8) pembiayaan syari'ah; 9) pegadaian syari'ah;

10) dana pensiun lembaga keuangan syari'ah; dan

11) bisnis syari'ah; serta dapat memungkinkan pengembangan perkara-perkara tertentu lainnya.

Oleh karena itu, amandemen pertama undang-undang Peradilan Agama ini memberi wewenang kepada Pengadilan Agama untuk sekaligus memutuskan sengketa milik atau keperdataan lain. Pengembangan kewenangan Peradilan Agama tersebut adalah yang terkait dengan objek sengketa yang diatur dalam pasal 49 apabila subjek sengketa antara orang-orang yang beragama Islam.

Tujuan dari pengembangan objek tersebut adalah untuk menghindari upaya memperlambat atau mengulur-ulur waktu penyelesaian sengketa karena alasan adanya sengketa milik atau keperdataan lainnya tersebut sering dibuat oleh pihak yang merasa dirugikan dengan adanya gugatan di pengadilan agama. Akan tetapi bila subjek yang mengajukan sengketa hak milik atau keperdataan lain tersebut bukan yang menjadi subjek bersengketa di Pengadilan Agama, dan sengketa di Pengadilan Agama ditunda untuk menunggu putusan gugatan yang diajukan ke pengadilan di lingkungan Peradilan Umum/Pengadilan Negeri.

Proses penangguhan dimaksud menurut penjelasan pasal tersebut hanya dapat dilakukan apabila pihak yang berkeberatan telah mengajukan bukti ke Pengadilan Agama bahwa telah didaftarkan gugatan di Pengadilan Negeri terhadap objek sengketa yang sama dengan sengketa di Pengadilan Agama. Dalam hal objek sengketa lebih dari satu objek dan yang tidak terkait dengan objek sengketa yang diajukan keberatannya, Pengadilan Agama tidak perlu menangguhkan putusannya, terhadap objek sengketa yang tidak terkait masalahnya.
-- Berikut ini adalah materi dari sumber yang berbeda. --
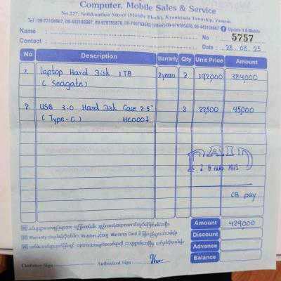 hard disk 1လုံးကို 192000 (2year Warranty)
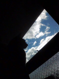 シルエットになってるあずきさんは キャットタワーから外を眺めております。

Kewenangan selama ini Pengadilan Agama diminta oleh Menteri Agama untuk memberikan penetapan (iṡbat) terhadap kesaksian orang yang telah melihat atau menyaksikan hilal bulan pada setiap memasuki bulan Ramaḍan dan awal bulan Syawal tahun Hijriyah. Hal ini merupakan kewenangan Menteri Agama dalam

mengeluarkan penetapan secara nasional untuk penetapan 1 (satu) Ramaḍan dan 1 (satu) Syawal. Kemudian Pengadilan Agama dapat memberikan keterangan atau nasihat mengenai perbedaan penentuan arah kiblat dan penentuan waktu ṣalat, termasuk pengembangan wewenang ke depan dalam menentukan arah kiblat.
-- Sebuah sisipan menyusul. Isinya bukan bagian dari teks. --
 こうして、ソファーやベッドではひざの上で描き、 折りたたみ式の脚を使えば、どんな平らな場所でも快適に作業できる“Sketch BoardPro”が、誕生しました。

Apabila terjadi sengketa menegenai hak milik atau sengketa lain dalam perkara sebagaimana dimaksud dalam pasal 49 tersebut, terutama menyangkut objek sengketa tersebut harus diputus lebih dahulu oleh pengadilan dalam lingkungan Peradilan Umum. Bila terjadi sengketa hak milik sebagaimana dimaksud yang subjek hukumnya antara orang-orang yang beragama Islam, objek sengketa tersebut diputus oleh Pengadilan Agama bersama-sama perkara tersebut.

Berdasarkan pertimbangan mengenai objek perkara tertentu dan perkara-perkara tertentu lainnya, pengadilan yang paling tepat untuk menyelesaikan sengketa tersebut adalah Pengadilan Khusus yang berada dalam naungan Lembaga Peradilan Agama, seperti yang berlaku di Peradilan Umum, misalnya Pengadilan Tipikor.